Special Report: Global Financial Crisis
WUHAN, March 15 (Xinhua) -- East Star, one of China's private airlines, was ordered to suspend flights as of Sunday because of prolonged financial and management problems, said the local government.
The order was issued by the General Administration of Civil Aviation of China (CAAC)'s branch in charge of the country's central and southern areas at midnight after the government of Wuhan City, capital of Hubei Province, submitted an application Saturday afternoon for the suspension, the municipal government said in a statement.
Because of East Star's unpaid debts and weak management, the city government applied to suspend the company's business "in an effort to safeguard the security of people's lives and assets", the statement read.
The airliner had failed to pay due plane rental fees to GE Commercial Aviation Services (GECAS), forcing the American firm to seek help from the local government since the second half of last year and was ready to start legal actions, Tan Sizhang, an official with the municipal traffic committee told Xinhua.
However, the official did not say how much debt East Star owes.
Passengers holding East Star tickets were put on flights with other companies including Air China, China Southern and China Eastern, Tan said.
East Star was founded in May 2005, making it China's fourth private carrier after Okay Airways, United Eagle Airlines and Spring Airlines.

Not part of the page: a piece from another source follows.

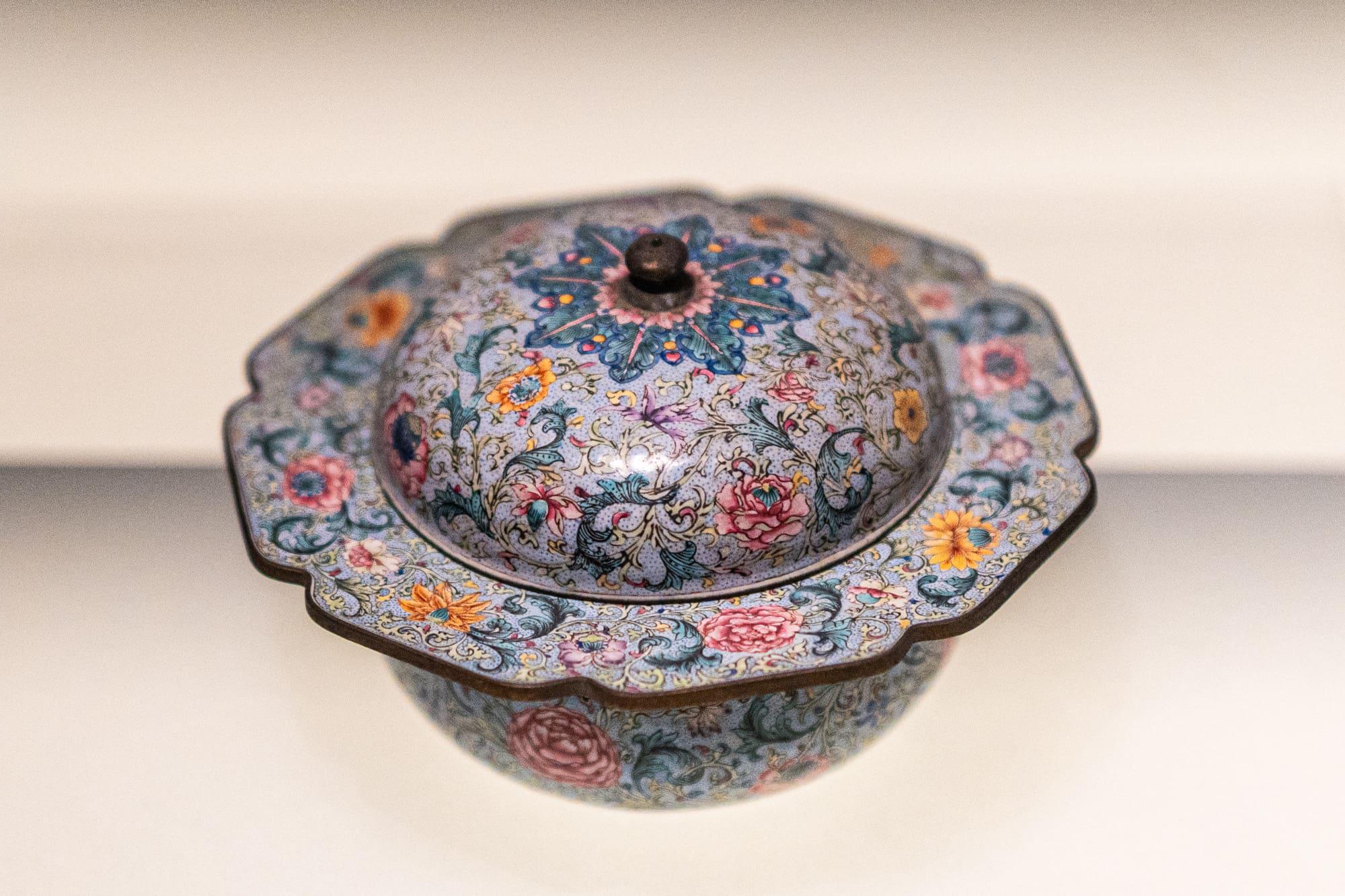 珐琅器在元代由西亚传入中国,经明宣德、景泰两朝的努力,工艺突飞猛进。其以金属为胎,施珐琅釉焙烧而成,因工艺技法不同可分为掐丝珐琅、錾胎珐琅、透明珐琅和画珐琅数种。器物色调鲜艳,格调秀雅。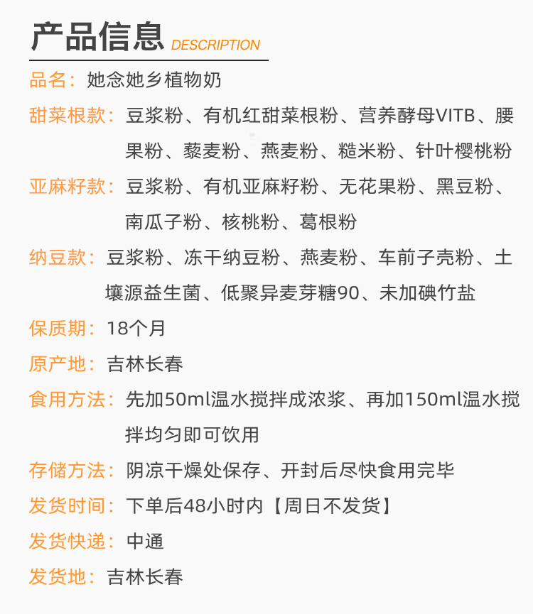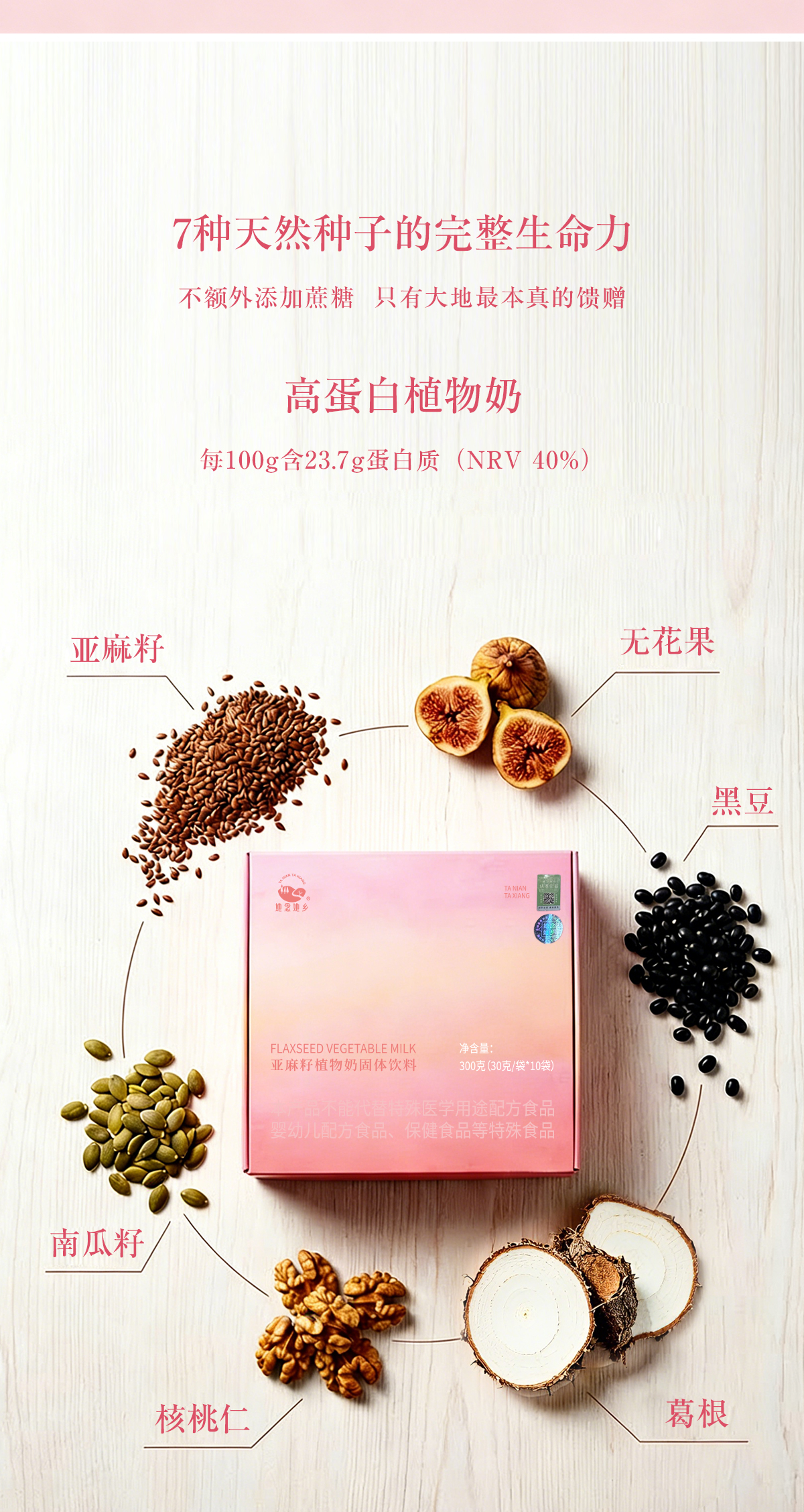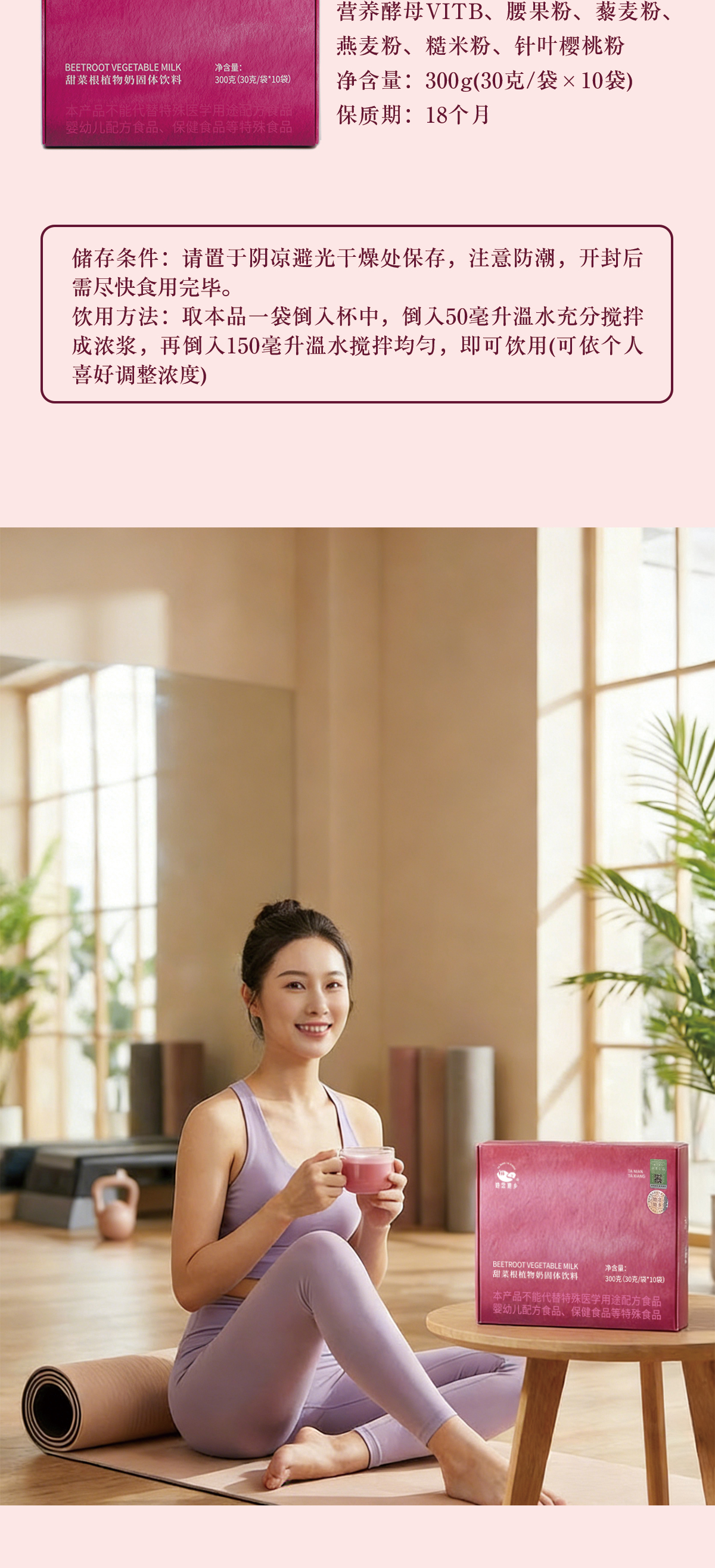 她念她乡 甜菜根/亚麻籽/纳豆 植物奶粉 300g/盒【30g*10袋】

The company, headquartered in Wuhan, flew its first flight on May 19, 2006. It has 10 rented planes, seven A320 and three A319, and operated more than 20 domestic passenger routes between key cities including Shanghai, Guangzhou, Hong Kong, Macao. It held about 10 percent of the market share in Wuhan.
The airline, with a registered capital of 80 million yuan (11.7million U.S. dollars), was jointly owned by a tourist agency, a tourist investment company and a real estate firm, which all belonged to the East Star Group.
East Star began to negotiate with China National Aviation Holding Company, the parent firm of Air China, over merging last year in an effort to deal with a financial shortage.
Buying part or all of the airline could help Air China increase its competitiveness in the central part of the country against major rivals China Southern and China Eastern, which have market share of 40 percent and 20 percent, respectively, in the city.
However, East Star made an announcement Friday to call off the deal because "it was impossible for both sides to establish a foundation for commercial cooperation".
The city government has set up a team to deal with the flight suspension and purchase affairs.
East Star refused to make any comment Sunday when contacted by Xinhua.